Works with Svelte 4 and Svelte 5 (uses the legacy export let API, which
Svelte 5 fully supports).
Install
npm install @lit-pigeon/svelteUsage
<script lang="ts">
import { PigeonEditor } from '@lit-pigeon/svelte';
import type { PigeonDocument } from '@lit-pigeon/svelte';
let doc: PigeonDocument | undefined;
function onChange(event: CustomEvent<{ document: PigeonDocument }>) {
doc = event.detail.document;
}
function onReady() {
console.log('Pigeon editor ready');
}
</script>
<PigeonEditor
document={doc}
on:change={onChange}
on:ready={onReady}
on:exportHtml={(e) => console.log(e.detail.html)}
/>Props
| Prop | Type | Notes |
|---|---|---|
| document | PigeonDocument | Initial document. Set as a DOM property — never stringified into an attribute. |
| config | Partial<EditorConfig> | Editor configuration (merge tags, asset manager, plugins). |
| renderer | Renderer | Optional renderer for preview mode (e.g.

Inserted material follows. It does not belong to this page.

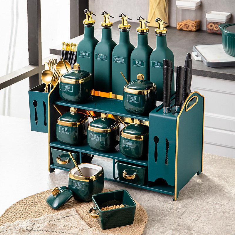 Kitchen home wrought iron chopping board rack glass oil pot chopsticks barrel placed knife holder storage seasoning vinegar pot jar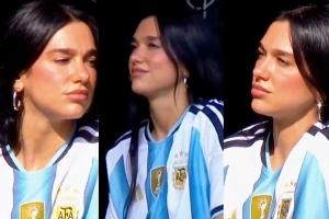 正在阿根廷布宜諾斯艾利斯舉行演唱會的啪姐Dua Lipa現場觀戰博卡青年vs河床的比賽,身著阿根廷最新國家隊戰袍,并與里克爾梅合影。

MjmlRenderer). |
| documentToMjml | (doc: PigeonDocument) => string | Custom document → MJML converter. |
Events
All native pigeon:* events are re-emitted as Svelte events with the original
event.detail payload preserved:
| DOM event | Svelte event | Detail |
|---|---|---|
| pigeon:change | change | { document: PigeonDocument } |
| pigeon:select | select | { selection: Selection \| null } |
| pigeon:ready | ready | void |
| pigeon:preview | preview | unknown |
| pigeon:export-html | exportHtml | { html: string } |
| pigeon:export-mjml | exportMjml | { mjml: string \| null } |
| pigeon:export-json | exportJson | { document: PigeonDocument } |
| pigeon:merge-tag-request | mergeTagRequest | unknown |
Why a property, not an attribute?
document, config, renderer, and documentToMjml are object/function
shaped — serialising them to HTML attributes would lose identity, function
references, and prototype chains. The wrapper assigns them with el.document
= value, matching how the React, Vue, and Angular wrappers do it.